LLMs are expanding as consumer adoption grows, and prompt algorithms keep changing. Between those two variables, you can see dramatic swings that you need to monitor.
Dig deeper: LLM optimization in 2026: Tracking, visibility, and what’s next for AI discovery
Sources referenced in responses are shifting
The sources cited in LLM responses are changing quickly.
Here’s a look at our dataset since September of last year. The data comes from monitoring more than 5,000 prompts and their responses across various LLM APIs, including Gemini, ChatGPT, and Perplexity.

YouTube links and citations have increased over the last 30 days. Reddit saw similar growth, though that traffic recently leveled off.
These shifts in citations and links will affect the traffic that eventually reaches your site, and they may also influence your ad and content strategies.
If you don’t monitor this data, you won’t see these changes. LLMs don’t provide this information directly — you can only access it through a third-party tool.
LLMs convert at a very high rate compared to other channels
This is likely the most interesting and important finding. When you compare conversion rates alongside the total percentage of traffic, the contrast becomes clear.
LLM referrals are the highest-converting traffic source across our customer base, with an approximate 18% conversion rate. That’s higher than any other tactic, including paid shopping, SEO, and PPC.
However, they account for the lowest percentage of total traffic to a brand’s website, about 25 times less than SEO or direct.

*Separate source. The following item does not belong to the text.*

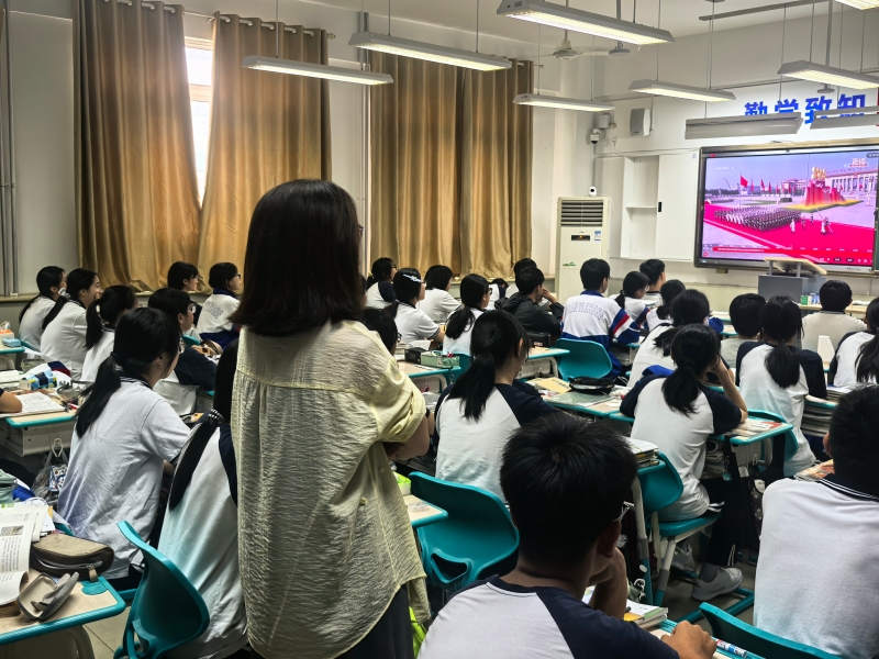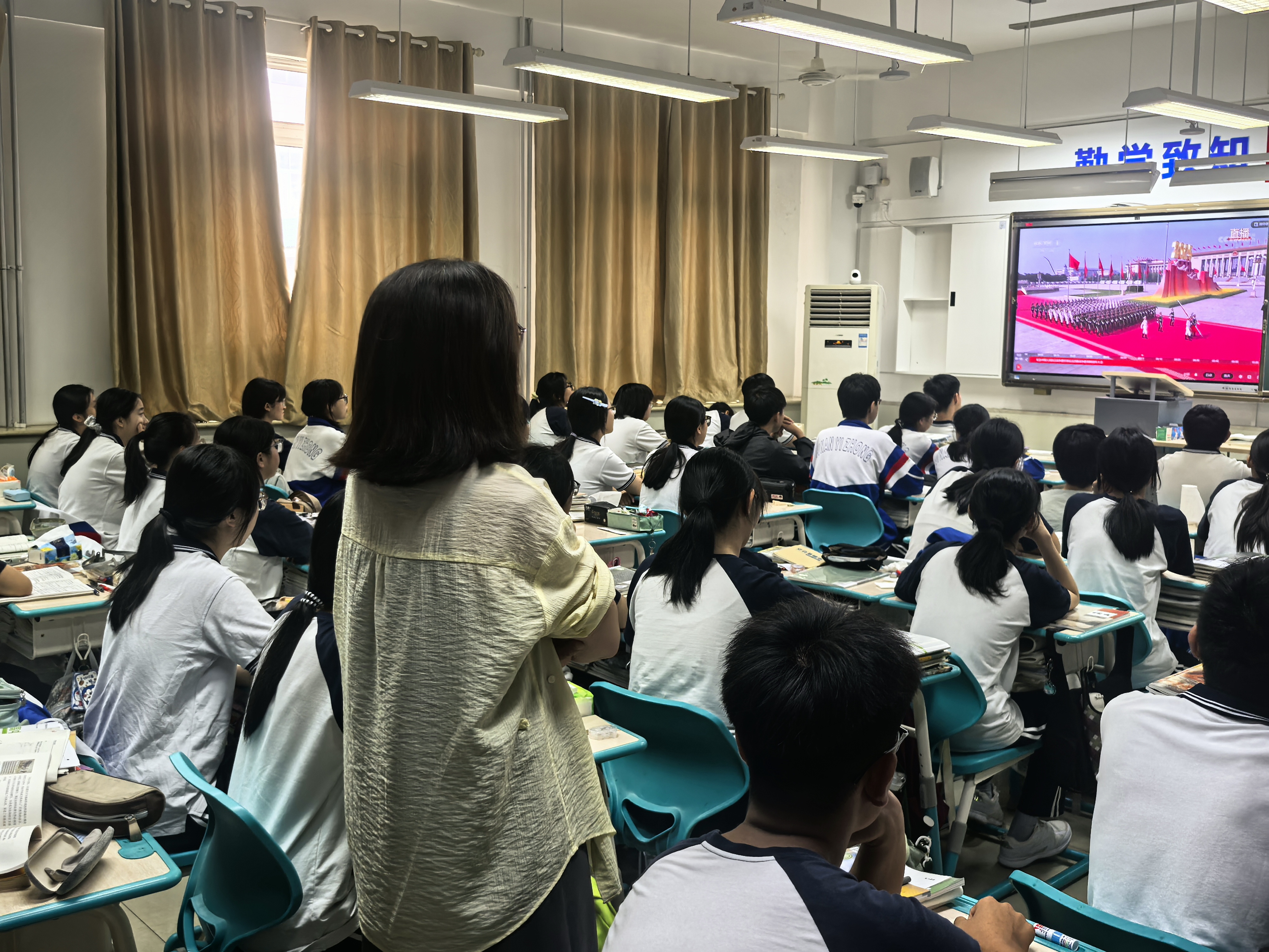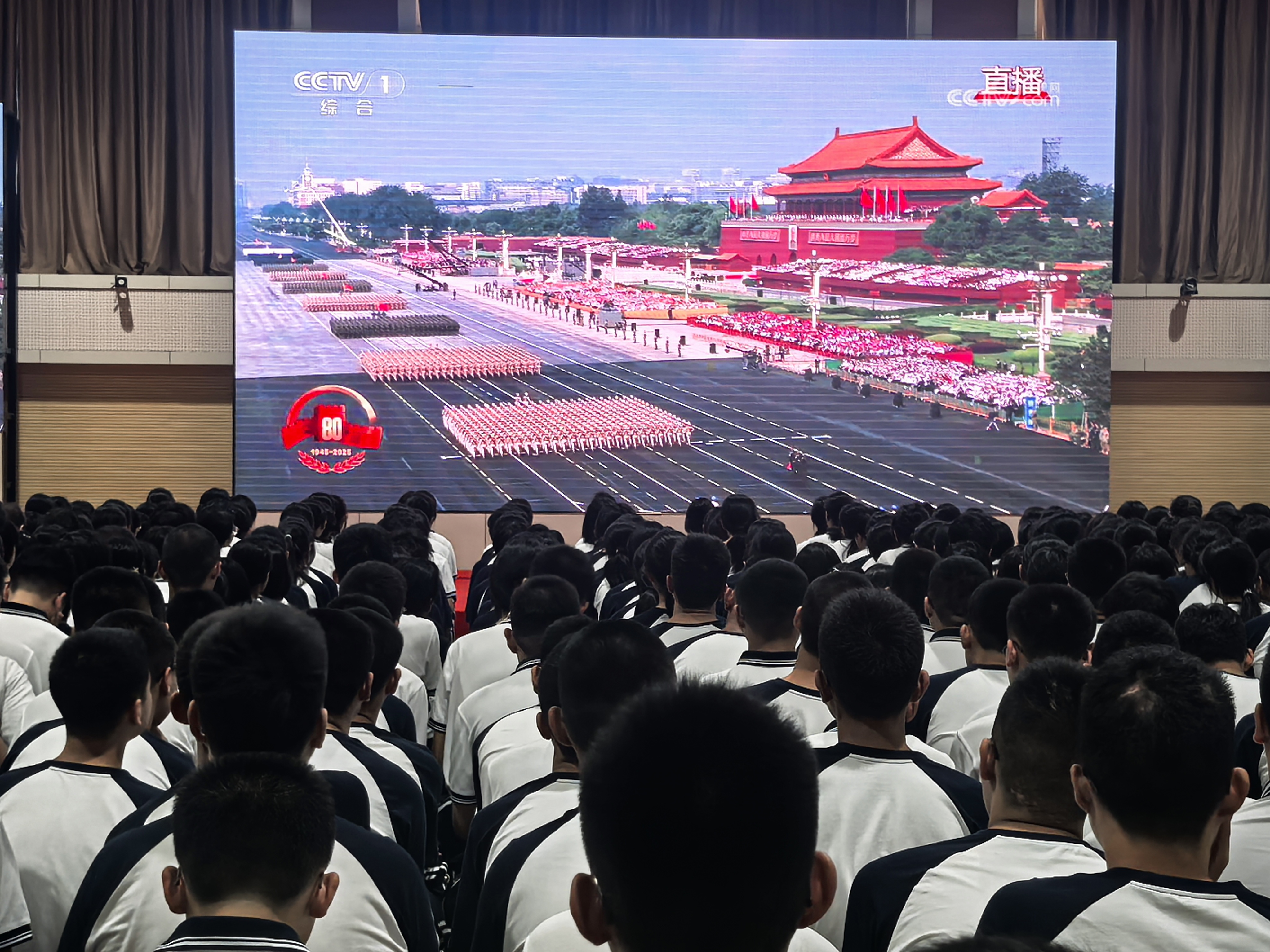 上午9时,全校师生集中收听收看纪念中国人民抗日战争暨世界反法西斯战争胜利80周年大会直播盛况。观看直播后,我校师生倍感振奋,反响热烈。新时代国防和军队建设的辉煌成就,令人无比自豪,极大地激发了全校师生的家国情怀与民族自信。

Dig deeper: How to better measure LLM visibility and its impact
What brands should do next
Based on these findings, you should take the following actions to prepare for the evolving LLM landscape.
1. Establish dedicated monitoring
While LLM traffic volume is still low, its growth rate and volatility, including shifts between sources like YouTube and Reddit, make monitoring essential.
- Track velocity: Don’t just look at volume. Monitor the rate of growth in LLM referrals to understand when this channel crosses a meaningful threshold for your business.
- Monitor citation sources: Use available third-party tools to understand which LLMs and which types of platforms, including forums, videos, and news, are driving the most citations and subsequent traffic.
2. Capitalize on high-value traffic
An 18% conversion rate suggests LLM-referred users are highly qualified. They often arrive with clear intent or after their query has already been answered or validated by the LLM.
- Analyze high-converting journeys: Review the user journey for LLM referrals. What content are they landing on? What queries are being answered that lead to conversion?
- Optimize for intent: Focus content and landing page optimization on the high-intent needs reflected in the LLM’s citation context. Treat this traffic as a premium audience.
3. Plan for future growth
Given rapid LLM adoption, today’s low traffic volume won’t last.
- Develop a content strategy for AI: Build a strategy that anticipates how LLMs summarize, cite, and reference your material. This isn’t traditional SEO. It’s about being the authoritative source LLMs choose to link to.
- Allocate budget: While this may not drive immediate bottom-line impact, dedicate a small budget to tools and resources focused on understanding and optimizing the LLM referral channel.
This space is evolving fast. Hopefully, this dataset shows how things are progressing and motivates action within your organization.
This is a time of change. If you innovate, stay focused, and use data, you have a clear opportunity to outperform your competition.
Dig deeper: LLM consistency and recommendation share: The new SEO KPI
From emerging channel to strategic signal
LLM referral traffic is still a small share of overall volume, but it’s growing fast, shifting where it cites, and driving strong conversions.
Don’t overreact. Monitor the trend lines, understand where citations come from, and watch how this audience behaves once it lands. This space is moving fast, and if you stay close to the data, you’ll be better positioned as it evolves.